The last meal served at Strawberry Street Cafe was on Sunday, March 31. The microwaves, frozen foods, scattered and lengthy menu, and single-use items from creamer to butter to six types of Styrofoam to-go containers went with it.
The experience of working in a wasteful environment ignited the idea for a brand-new concept and turned the Scuffletown Garden owners and chef into self-proclaimed “radicals.”
“I remember looking at all of it and feeling like I was suffocating,” says Salerno. “We’re trying to take a lot of the lessons we learned over the years and do things in a responsible and sustainable way."
They moved forward with the intention of creating a restaurant that combines the welcoming vibe of a neighborhood bar with modern, sustainable practices.
Their green efforts began with design: Tables were refurbished, the decor refreshed, and servers painted a massive planting box — constructed for the flourishing rooftop garden using wood from old banquettes — that now houses squash, eggplant, tomatoes, herbs and more.
“It's special for employees to feel that connection with the whole entire process,” says Campbell, who spent a season farming with Manakintowne Specialty Growers, of the garden. Employees will have designated gardening shifts, and restaurant staffers recently took a trip to Black Creek Farm, one of the restaurant's primary purveyors.
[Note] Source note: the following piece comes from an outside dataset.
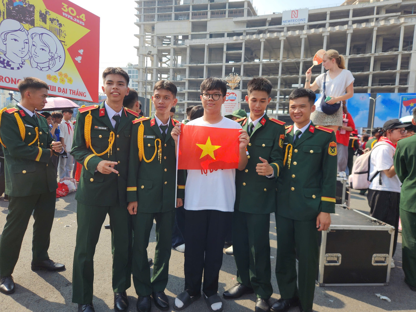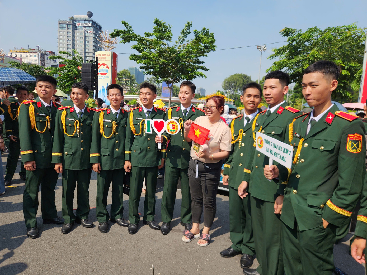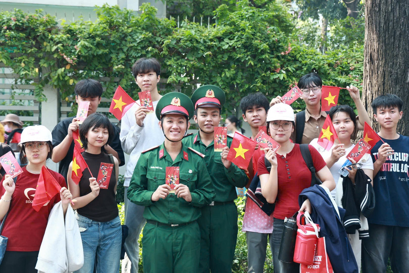 Du khách Tây đội nón tai bèo, cầm cờ đỏ sao vàng, quấn khăn rằn và băng đô khẩu hiệu Tôi yêu Việt Nam chụp ảnh cùng sĩ quan Lục quân.

Salerno and Campbell first met 15 years ago while working for Richmond Restaurant Group and both are experienced working in casual and fine-dining venues. Now the duo is on the brink of reintroducing the community to a space that has transformed into a bright, seasonally driven restaurant adorned with clean, contemporary touches designed by Amrit Singh of Fultz & Singh Architects. The restaurant's forest-green walls, complemented with an abundance of plants and natural light, create an airy escape in tune with the namesake garden above it.
Salerno and Sous Chef and sommelier Hosea Roberts, also previously of Rappahannock, are delivering a wine, beer and cocktail menu that focuses on classics over trendy libations. There will be six draft beers along with an assortment of domestic and imported cans and bottles. Guests will be able to spin a roulette wheel at the bar, with each space representing a different classic cocktail.
“We really want to do something different, and it will be hard, … but we're gonna go for it,” says Salerno. “I’ve always treated every project I took on as if it was live-or-die, and this won’t be any different.”
The menu, which will change frequently, features a protein section dedicated to varying selections of grass-fed beef, pork, chicken from Harmony Hill, a fish of the day and a burger.
Diners will have the freedom to mix and match veggies — such as a tomato salad with basil and burrata or braised kale with a mushroom dashi — and starches that include a curry calasparra rice and black-garlic potato salad. Pasta dishes including beet bucatini will be made in house, along with desserts such as a sweet potato-miso pie and herbaceous ice creams such as pineapple-sage.
“I’ve been cooking for a long time, and I feel like I’ve been preparing myself for this for a long time," says Campbell. "I’m ready to cook my own food and dive into that role.”
Scuffletown Garden will open the week of June 17, with dinner service starting daily at 5 p.m. and lunch and brunch service to come.